Howls and screams are little more than wailing
instruments in the midst of it, all melding together to form an exquisite
opera. All of the
musicians knew the lyrics; they always sing their chords
perfectly.
“Time to sing again,” he said with a chuckle, mocking his own
inner monologue as the pistol in his hand banished it to the far reaches of his sanity.
Gliding his hand across the top of the muzzle, his fingers
mechanically latched onto the serrated end of the upper receiver. With a hydraulic pull, he slid the long metal piece back slowly, pushing against the large spring inside until it sighed, clicking into place. Lain stared down into the open weapon, watching the .45 caliber bullet suspiciously as it eagerly edged towards the chamber. Now, he moved his thumb across the side of the pistol until it rested upon a small lever which divided the upper receiver from the lower. Pushing it down solidly, the spring released, snapping the gun back together with a
malevolent hiss. Inside the chamber now rested a short, stocky round, and six of his friends were all jealously anticipating their turn.
Now he pushed back into himself and took a step back towards consciousness. Now he pulled his coat around him tightly, suddenly feeling the cold water running down the small of his back, and he took a step towards the house across the street. The raindrops were no longer reluctant to leave -- they knew where he was going and didn't care to be dragged along. The brief words he spoke earlier still hung brightly upon the
pallid street, washing around the corners but refusing to drain away. Who was he speaking to when he spoke so plainly, bluntly for the first time in his life? Whose turn was it? God, how he wished he could just
stop singing…
Lain held the weapon tightly, his finger hovering over the trigger with practiced ease but shaking like virgin.

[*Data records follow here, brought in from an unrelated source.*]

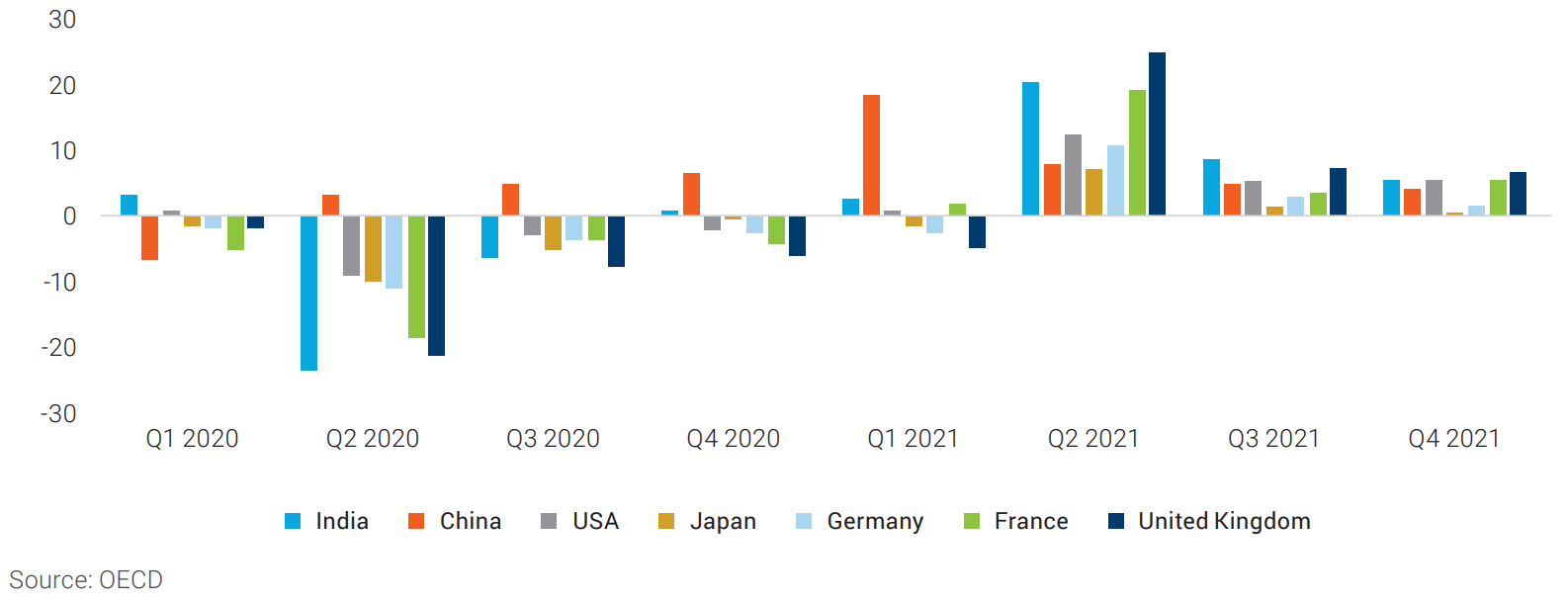 European Union witnessed record growth in the first half of 2021, following resurgence of domestic demand, modest consumer spending and healthy growth in public and private investment. Rise in COVID-19 infections, high energy prices, particularly that of natural gas, supply chain disruptions together with geopolitical tension between Ukraine and Russia impacted Europe’s economic recovery, leading to uncertainties. The European Commission estimates annual inflation to reach 3.5% in 2022. Inflation rose 4.8% in Q1FY2022, mainly driven by supply bottlenecks, high energy prices in the short term and worsening of the standoff between Ukraine and Russia. Overall, despite challenges caused by supply-chain disruption and high inflation, most economies witnessed modest growth in 2021 due to the low base effect and recovery in economic activities.
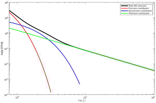 Contributions of JWL terms to the total pressure; the black line is the total pressure given by the JWL Equation (28); the red line is the contribution from , the blue line is the contribution from , and green line is the contribution from .
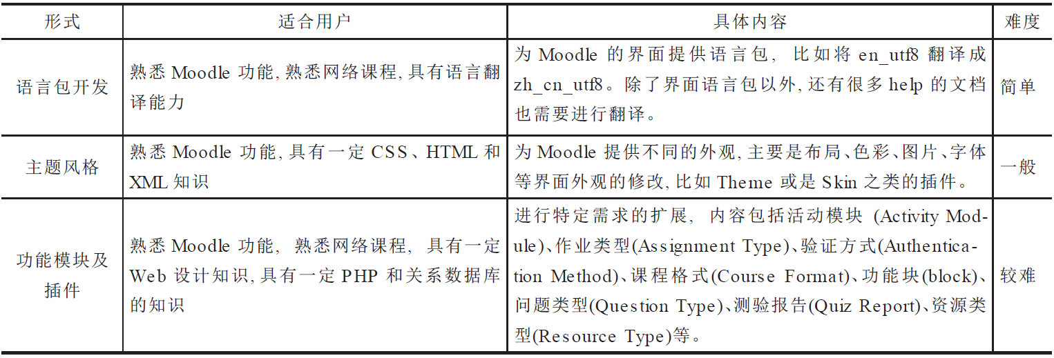 对Moodle开发社区的了解, 第三方的Moodle二次开发重点不是对Moodle的核心代码和模块进行修改, 而是针对其外部功能模块的设计和开发以满足特定的需求, 即围绕Moodle的核心代码进行的模块开发。Moodle对其核心代码和模块有自己的发展计划, 请参考MoodleRoadmap (http://docs.moodle.org/en/Roadmap)。表1描述了Moodle二次开发的形式、内容和适合的用户。
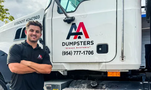 AA Dumpsters is a family owned and operated dumpster rental service. We serve Broward, Palm Beach & Miami-Dade Counties with smiles on our faces! Customers choose us over our competitors because we're reliable, honest and fair. We stand behind our work, and we strive to make everyday a great day. Another reason customers love our service is our promise to give back. When we're not hauling away junk, we're donating lightly used items to a local charity. Other times we're picking up litter at local intersections and parks. We make it a priority to give back to the community that keeps us in business.
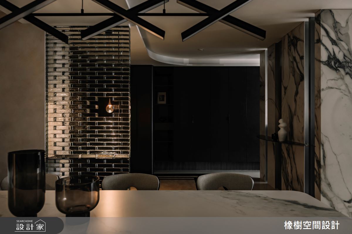 橡樹空間設計以乳膠漆、文化石、超耐磨木地板、鐵件、烤漆、系統板材、大理石、小冰柱玻璃的搭配應用,呈現混搭風居家氛圍,將此間16坪、兩房、單層、新成屋(5年以下)打造成舒適愜意的家庭空間,完成2位大人全家人的夢想之居。
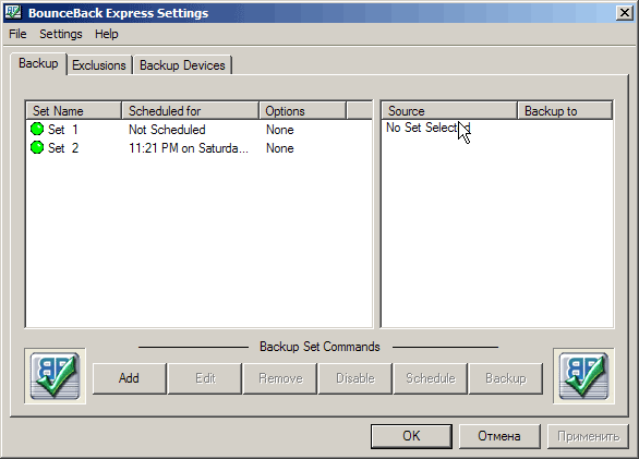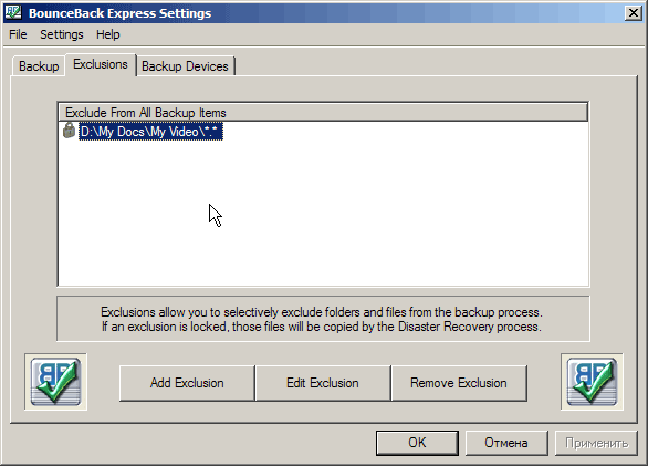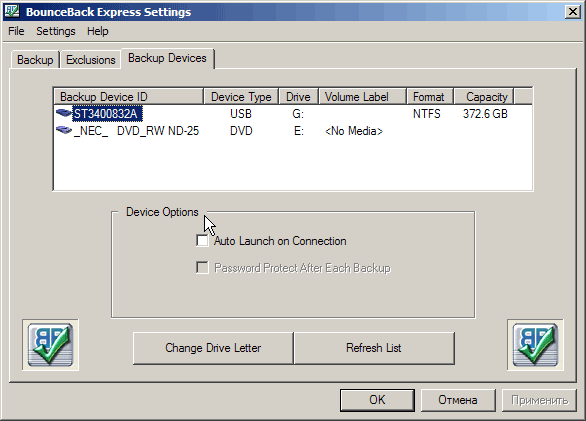 На вкладке Exclusions мы имеем возможность исключить из резервирования — увы, только папкудиск целиком, либо файлы поштучно — использование масок не предусмотрено. На вкладке Backup Devices мы видим пригодные (по мнению BounceBack Express) устройства в системе для осуществления резервного копирования. Ничего кроме смены буквы дисковода мы здесь сделать не можем.
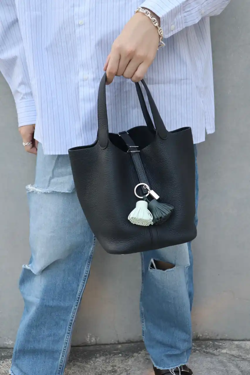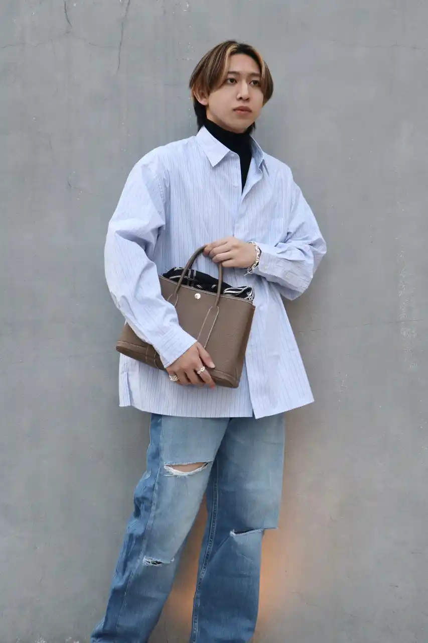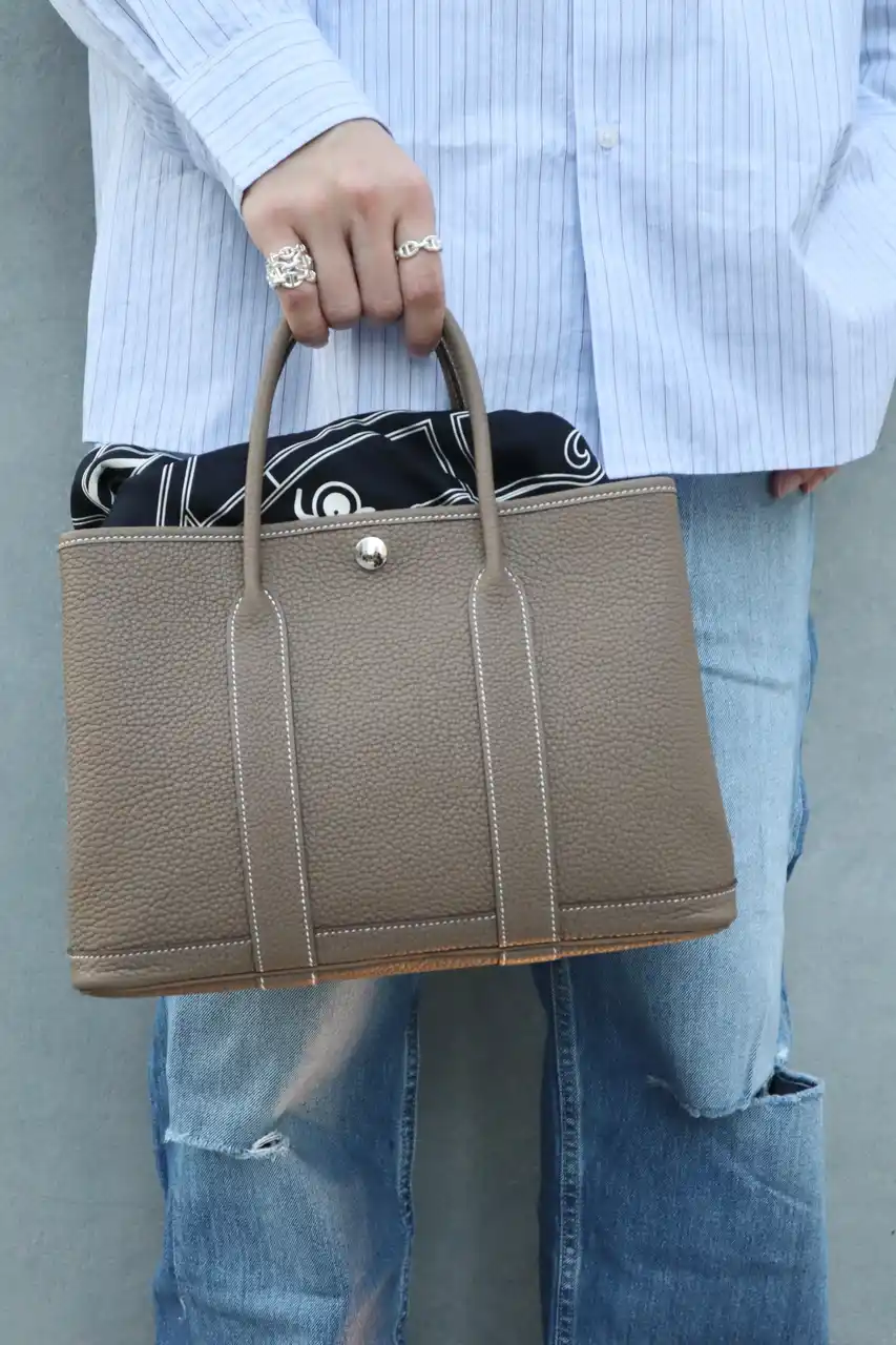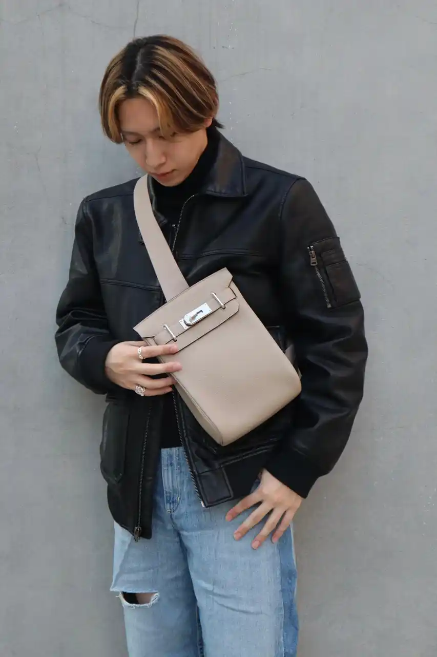 ロゴの主張ではなく、静かな佇まいで上質さを表現する男性が増えています。 グレーやブラックのスーツにシックなバーキンを合わせるスタイルは、“さりげなくて気負わない大人の上質”として支持が拡大しています。 |

Wide-eyed and terrified, his boots
clashed through the muddy waters in the clean avenue, towards that one, large house. It was only a few yards away now. He’d be fine as soon as he got
inside; he’d be okay as soon as he was
out of the dark. The
dangerous hum started again, about the same time as the
muffled thud of the staircase -- just before the deep breath and the click of the safety. There was that
damn music again.
I wonder...Has anyone ever gone insane from having a tune stuck in their head?
Has anyone ever died singing that same, old song...?
Just a short story that I have been dying to get out for a while. It's based off of a character that I thought up a long time ago, and this should have been the culminating scene towards the end of the story.